MySQL :: MySQL Cluster Data Node restart times

Restart times have been reduced in MySQL Cluster 6.3.28a & 7.0.9a – refer to that article for the new timings: http://www.mysqlhighavailability.com/mysql-cluster/mysql-cluster-restarts-get-faster/

Restarts are required for certain, infrequent maintenance activities. Note that there is no loss of service while a single node restarts.

When a data node restarts, it first attempts to load the data into memory from the local log files and then it will catch up with any subsequent changes by retrieveing them from the surviving node(s) in its node group.

Based on this, you would expect the time taken to restart a data node to be influenced by:

The amount of data that was stored on the data node before the restart
Rate of updates being made to the data during the restart
Network performance (assuming the data is being updated during recovery)

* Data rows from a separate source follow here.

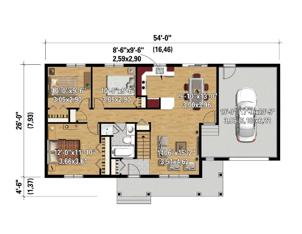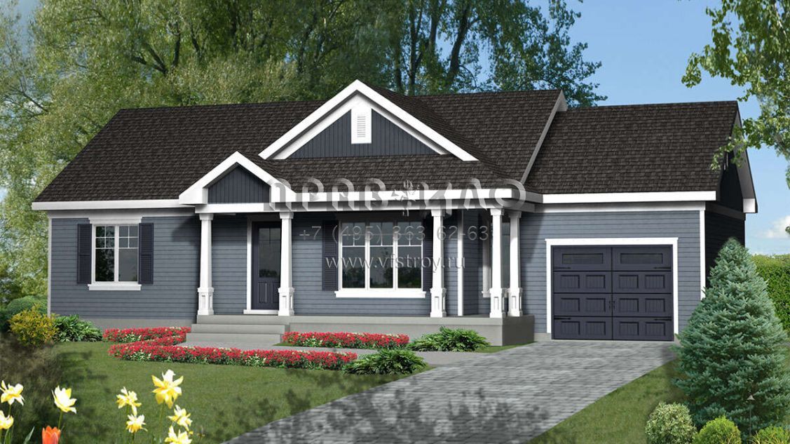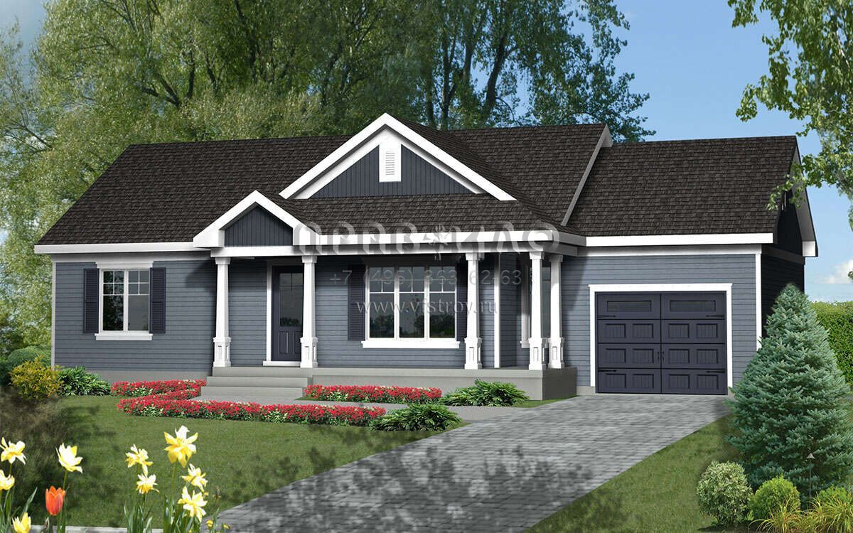 Проект одноэтажного дома с гаражом на одну машину в стиле Ранчо S5-92 (6146-00580)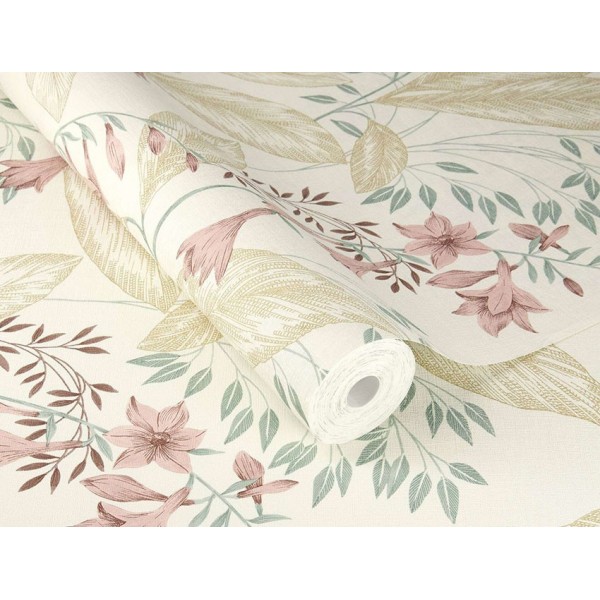 Un délicat entrelacement de feuillages et de fleurs légères prend vie dans une composition douce et raffinée. Les tiges fines s’élèvent avec grâce, ponctuées de petites corolles aux teintes rosées et de feuilles aux nuances naturelles, créant un motif à la fois fluide et structuré. L’ensemble évoque une scène végétale stylisée, où chaque détail semble dessiné avec précision et délicatesse. Les couleurs tendres, entre vert sauge et rose poudré, diffusent une ambiance chaleureuse et apaisante, idéale pour un intérieur élégant et accueillant. Ce papier peint intissé offre un équilibre parfait entre charme décoratif et simplicité de mise en œuvre.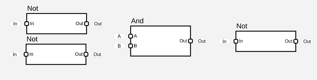 それでは、これを実際 にAnd、Not、Orを用いた回路にしてみましょう。一つの入力を複数の箇所で使いたい場合はInputを使って下さい。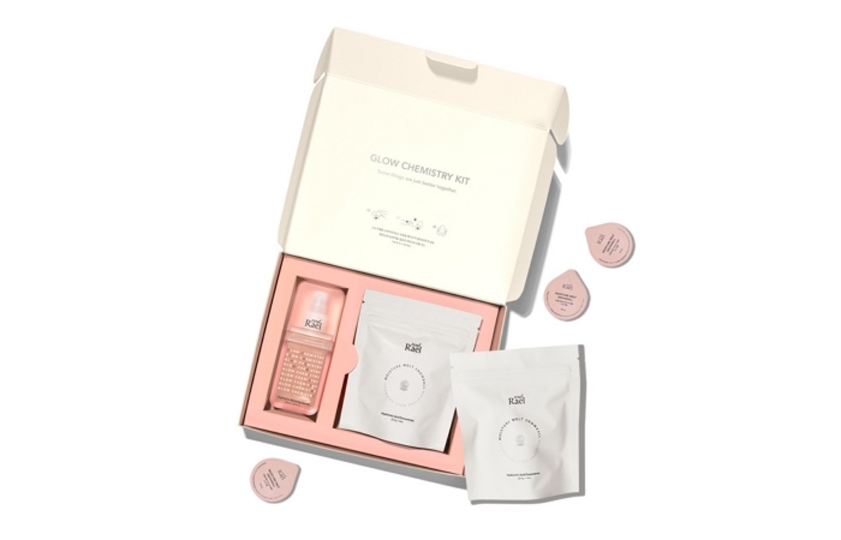 리얼라엘 '글로우 케미스트리 키트'는 강력한 활력 성분이 함유된 부스팅 세럼 '글로우 케미스트리 세럼'과 무방부제 고농축 100%의 3중 히알루론산을 담은 '모이스처 멜트 스노우볼'로 구성되어 있다.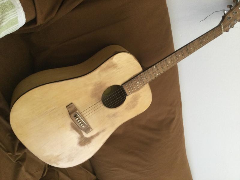 Esta guitarra no pude literalmente, quitarle la ultima capa de barniz ....el decapante “toxico”, y muy potente, antes de que los prohibieran, se llevo las primeras capas pero no pudo la capa base..hubo que lijar, sin lleavarselq, solo afinarla, y barnizar ( si damos aceite linaza ablandamos madera y destruimos sonido). Le meti Birchwood casey por probar, y no afecto a sonido, por quedar como una capa dura muy fina. Es un acabado hasta bueno para instrumentos musicakes,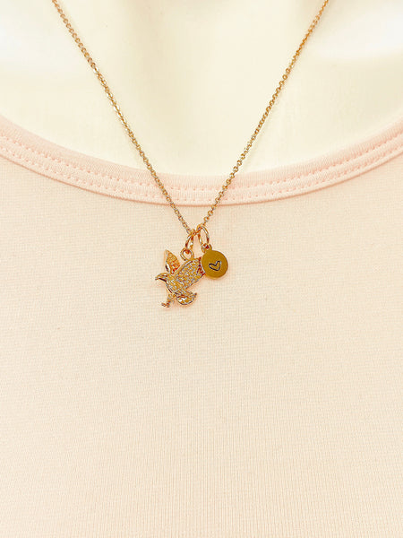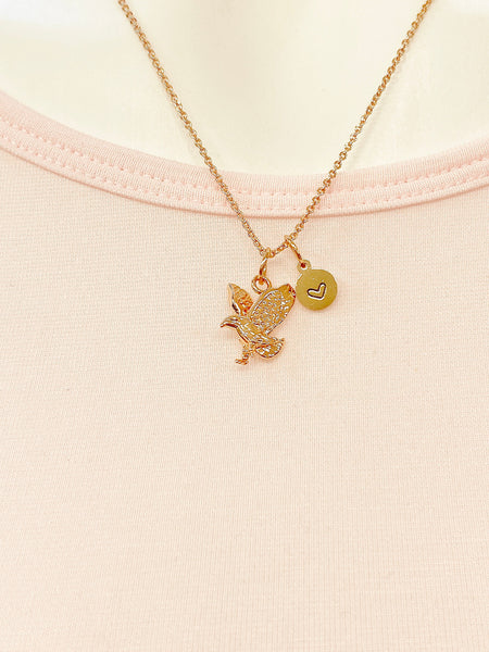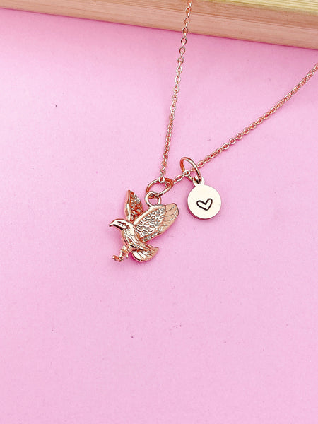 This is rose gold tone eagle charm with hand stamped initial charm on brass/stainless steel 18 inches chain.

The times will also be influenced bycertain configuration parameters, performance of the host machine and whether the multi-threaded data node (ndbmtd) is being used.

To provide some insight into how these factors impact restart times, tests have been performed where the following factors are varied:

Database size (Each Gbyte is made up of 1,000,000 tuples in each of 5 tables)
Whether traffic is running or not (a single thread using the NDB API to send in up to 2K tps (10K updates/second))
Whether the 2 data nodes in the node group are on the same host or separated by a Gbit Ethernet network

The following factors are kept constant:

Physical hosts: Intel Core 2 Quad Q8200@2.33 GHz; 7.7 GBytes RAM
NoOfFragmentLogFiles: 300
MaxNoOfExecutionThreads=4

Here are the observed results:

There are a couple of things to note from these results:

Using the multi-threaded data node (ndbmtd) greatly improves the restart time (in this case, 4 threads were available, improvements could be even greater on an 8 core/thread system)
Results become less predictable when heavy update traffic is being processed (in this case, up to 10,000 updated rows/second on a single node group). In the tests, no attempt was made to regulate this traffic and the test application was run on the same host as the one of the data nodes. Changes to the rate of updates will vary how long it takes for the restarting node to catch-up as it’s a moving target.

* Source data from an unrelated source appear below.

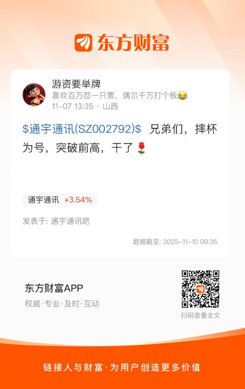 $通宇通讯(SZ002792)$  兄弟们,摔杯为号,突破前高,干了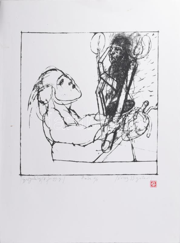 Beschreibung: Véssey Gábor (1948-): Gyertyaláng II, 1999. Litográfia, papír, jelzett, próbanyomat 3/3 számozással, 30×30,5 cm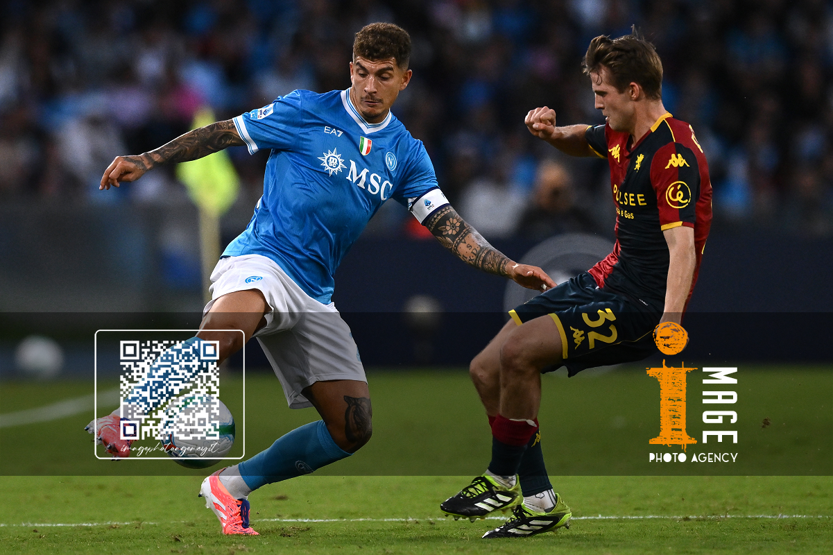 As Napoli 05/10/2025 - campionato di calcio serie A / Napoli-Genoa / foto Antonello Sammarco/Image Sport nella foto: Giovanni Di Lorenzo-Morten Frendrup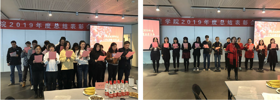 院长刘毅回顾了学院2019年的各项工作,从学科建设、队伍建设、人才培养、科学研究、合作交流、学生校友等多个方面总结了过去一年的工作和取得的成绩。院党委书记刘书明介绍了2019年新入职教师并送上了祝福。
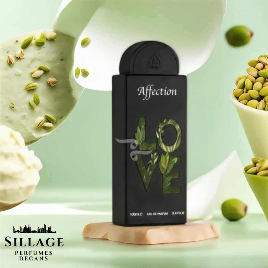 Affection Love de Lattafa Pride es una fragancia gourmand inspirada en Yum Pistacho Gelato de Kayali.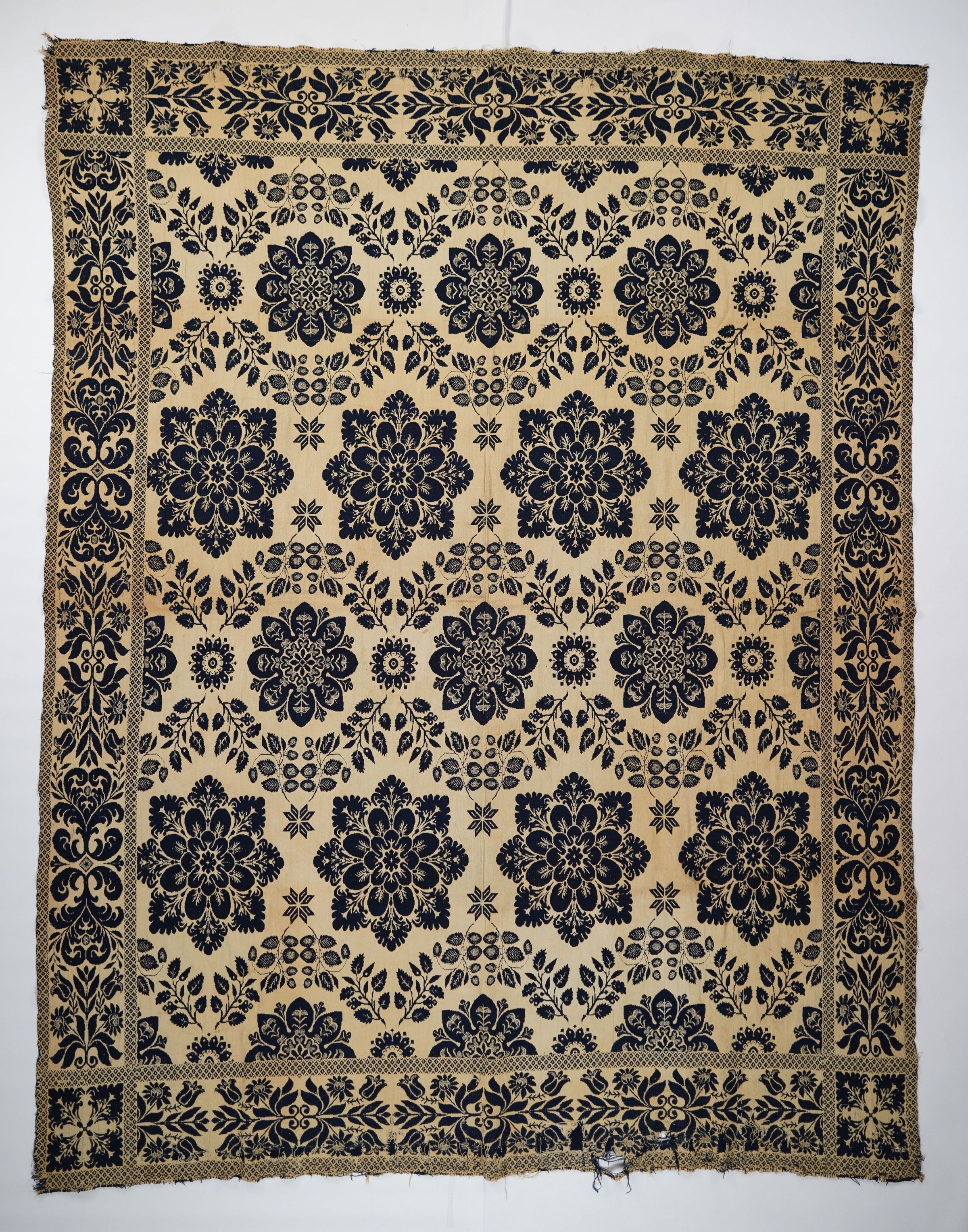 Navy and natural figured double weave coverlet with border on four sides. Seamless.

There is another recovery/restart scenario. The measurements shown above assumed that the file system on the data node’s host was intact and could be used to recover the in-memory copy – if that were not the case (or the data nodes were restarted with the “initial” option) then all of the data would have to be recovered from the surviving data node(s) in the same node group. As a comparison restarting a 6 Gbyte data node with the “initial” option took 20 minutes compared to 8 minutes without it (ndbmtd, over Gbit n/w).